The N-Body Problem is a standard benchmark based on modelling the orbits of Jovian planets using a simple forward-Euler integration method. See The Computer Language Benchmarks Game for a complete description as well as the current performance comparisons.
For fun I implemented a version using standard, idiomatic C99 with a few additional performance improvements. Speed of this version is about 7% faster than the fastest C benchmark that didn't use hand-coded or non-standard vector instructions at the time of writing.

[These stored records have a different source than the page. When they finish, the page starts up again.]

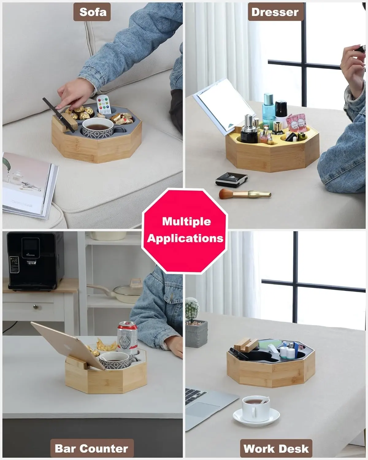 Snack Drink Remote Couch Caddy Storage Organizer With Rotatable Phone Holder Silicone Bamboo Sofa Couch Cup Holder Tray
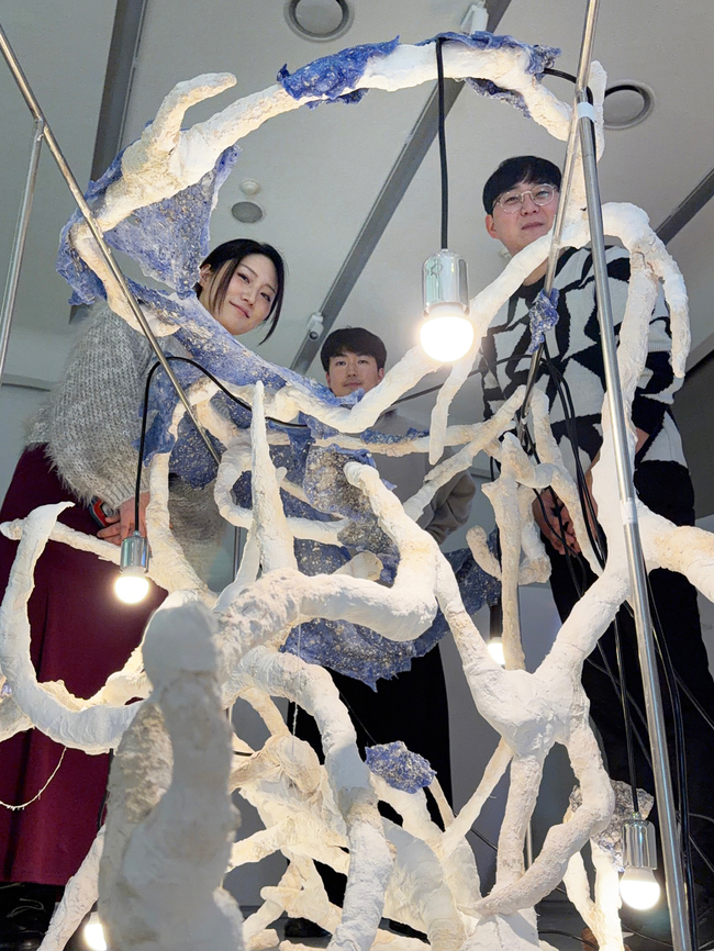 특히, 작품에는 고현석 박사(한국세라믹기술원)가 개발한 ‘건축 보강용 고속 경화형 고강도 무기 페이스트’* 소재 합성 기술이 굴패각과 더해져 활용되었으며, 여기에 두 작가의 바이오 텍스타일*이 가미되어 자문과 협력을 통해 예술 조형물로 재탄생했다.
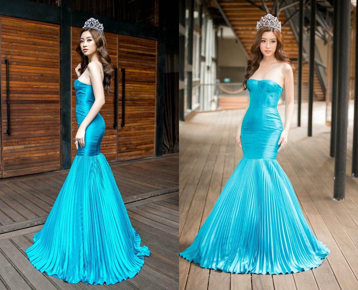 Tại một sự kiện khác, hoa hậu gây ấn tượng bằng cách “chơi trội” khi mặc chiếc đầm màu xanh biển nổi bật với kiểu dáng cúp ngực cùng phần dập ly cầu kì ở đuôi váy vô cùng lộng lẫy.
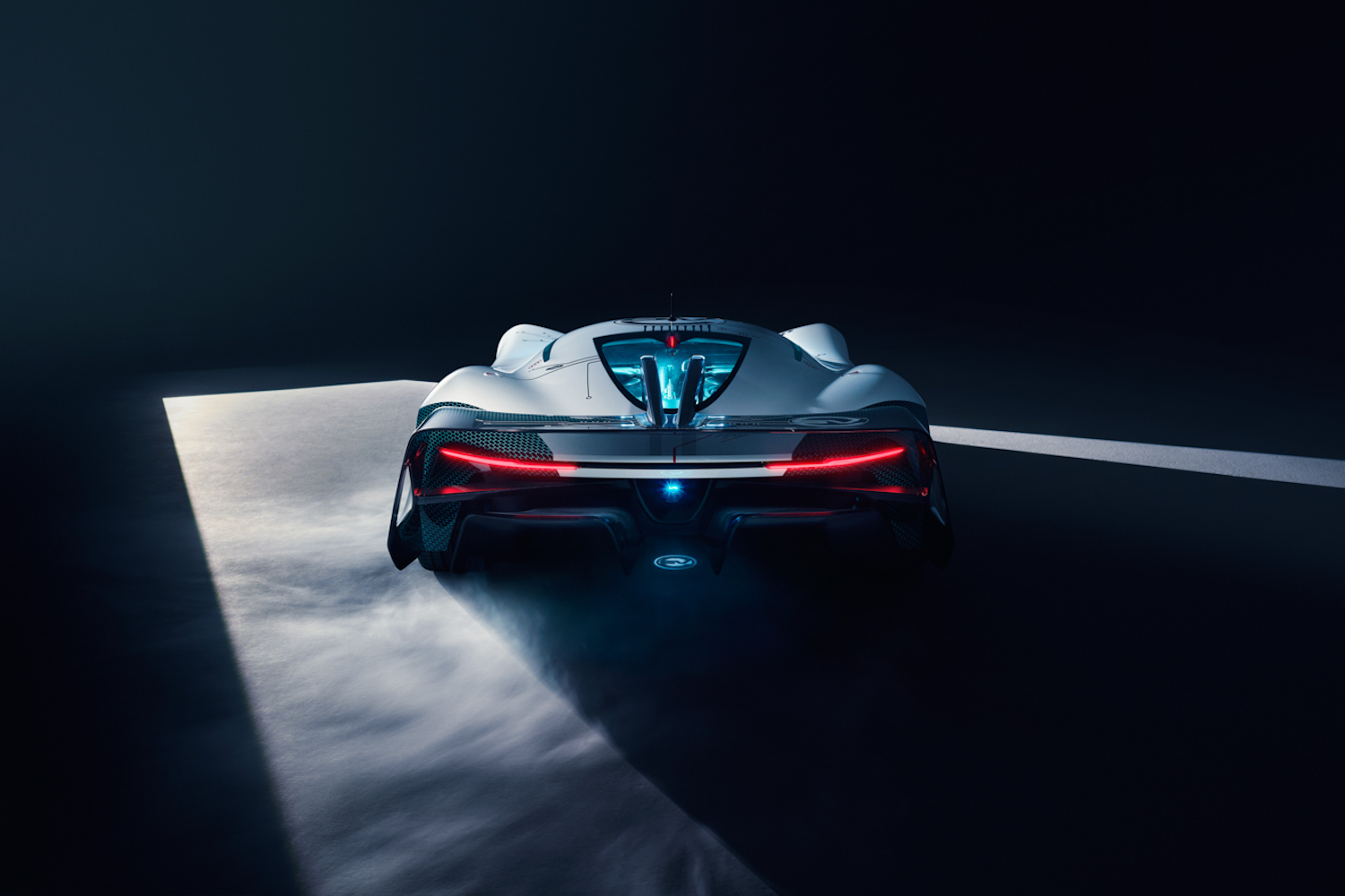 The all-electric VGT SV, as we shall append it from now on, has a top speed of 410km/h and an aerodynamic, slippery form designed to easily cut through the air. It features four Jaguar Racing and SV-designed electric motors, one more than the Vision Coupe's tallly of three, culminating in 1,400kW - that's 1,903hp, all backed up by 3,360Nm of torque. Flooding this to all four wheels with torque vectoring, the 0-100km/h time is said to be around 1.65 seconds.
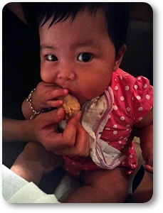 妞妞也有吃一點餐前麵包,結果差點噎到
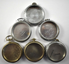 Vintage Lot of 6 12s Open Face Pocket Watch Cases Base Metal Silveroid lot.wa
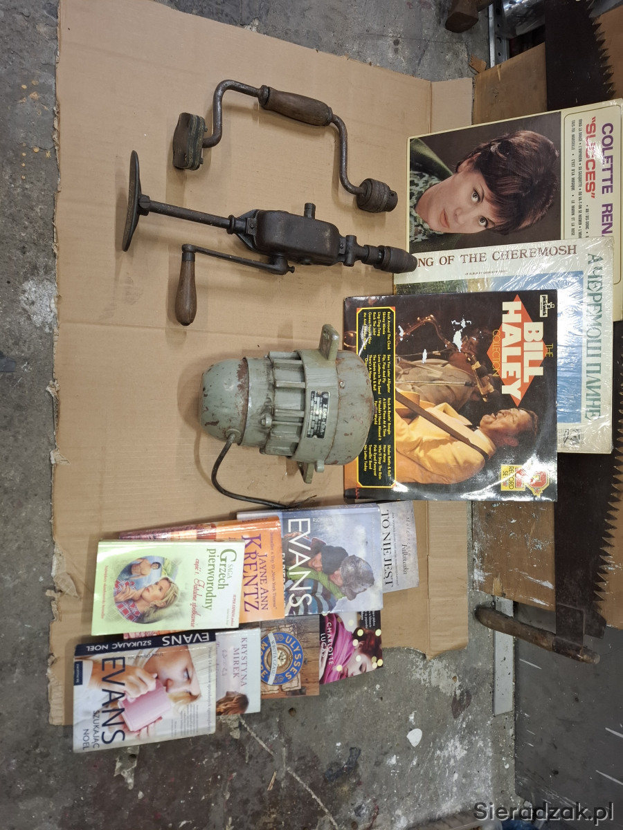 Sprzedam stare wiertarki i stary silnik od pralki ,, Frani" pasuje też do maszyn do szycia Łucznik (sprawny) oraz stare książki i płyty winylowe. Cana za całość.

The main speed improvements are:
-
I avoid recalculating the inverse square-root of the distance between bodies on each iteration, which means that only a single division operation is required for each iteration of
advance(). To do this I save intermediate values relating to body-body distances from the previous iterations and use a root refinement method instead.Saved values form strictly upper triangular matricies, with each one having
$N (N - 1) / 2$ entries. For the benchmark five-body problem ($N = 5$ ) in double precision (64-bit / 8 byte floating point), each matrix therefore requires$[5 (5 - 1) / 2] * 8 = 80$ bytes. Three of these are stored (for$\Delta r_{ij}$ ,$r_{ij}^2$ and$1 / r_{ij}$ ), meaning an additional$80 \times 3 = 240$ bytes is required. Because the original storage requirement for the bodies is$(3 + 3 + 1) * 8 = 56$ bytes each or$5 * 56 = 280$ bytes total, the total required data for the problem is only$280 + 240 = 520$ bytes. This still easily fits in the L1 cache giving very fast access. -
For root refinement I use just one iteration of Halley's Method which is slightly faster than using two passes of the more commonly used Newton's Method and gives a slightly better accuracy overall in this case.

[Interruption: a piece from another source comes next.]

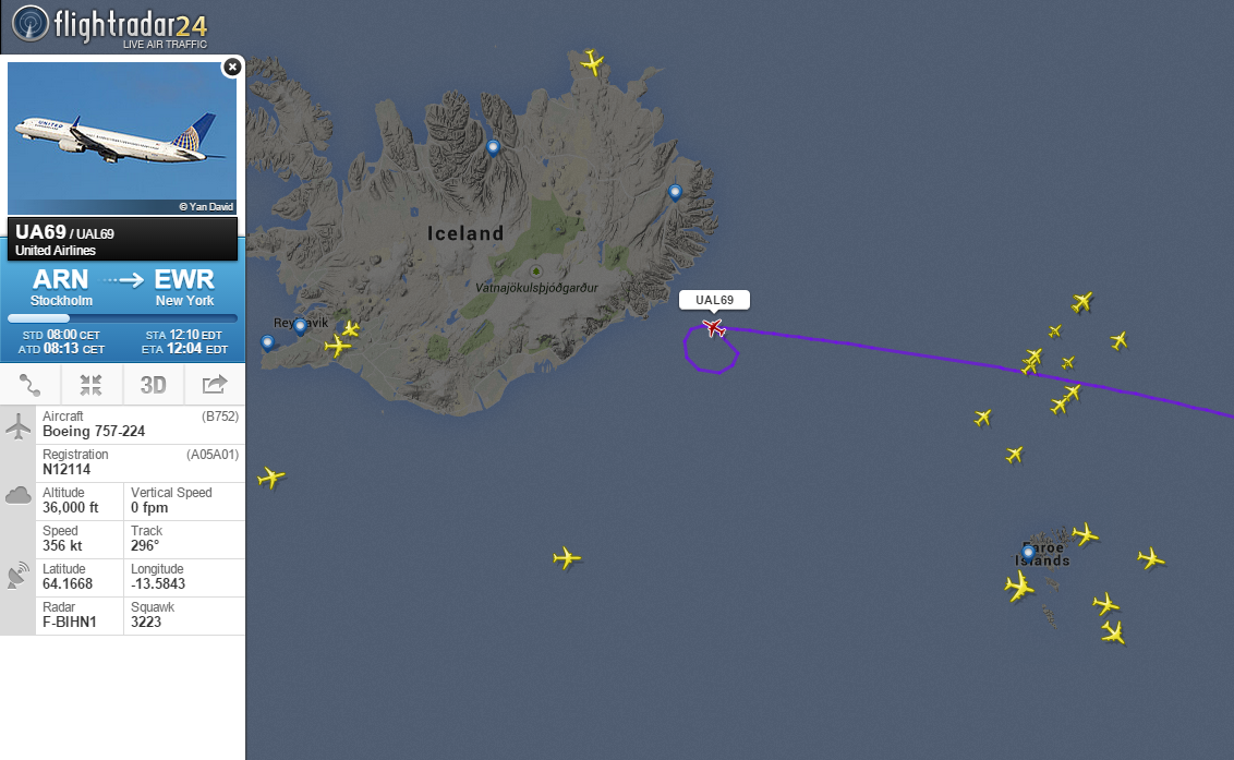 Om 23:36 uur landt de A340 weer op dezelfde baan en taxit het naar de gate.

I tired to adopt a more common, readable and typesafe layout. For example
vector components are grouped into single entities using typedef double vec3_t[3]. This allows vector operations to be applied directly, such as
vec3_scale(del_x, a->v, dt).
I only used standard C99 types and constructs such as enum for constants
(where possible), uint_fast8_t and so on. Any vectorizations are done only
by the compiler for the target architecture.
Source files:
nbody.gcc-6.c: Fastest C benchmark at the time of writing without hand-coded or non-standard vector instructions.nbody.gcc-x.c: Improved version as described above. This is normally about 7% faster than the baseline version.
Available make targets:
| Target | Description |
|---|---|
make all |
Build executables and run error checks. |
make build |
Build executables. |
make check |
Run N = 1000 error checks using ndiff 1. |
make time |
Time executables using N = 50000000. |
make hyperfine |
(Optional) Time executables using hyperfine 2. |
Individual benchmarks can be checked and run using the nbody.*.gcc_run
executables. Examples are as follows:
# Check the improved benchmark output for errors with N = 1000.
./nbody.gcc-x.gcc_run 1000 > nbody.gcc-x.output.txt
ndiff -abserr 1.0e-8 nbody-output.txt nbody.gcc-x.output.txt
# Time the improved benchmark with N = 50000000.
time ./nbody.gcc-x.gcc_run 50000000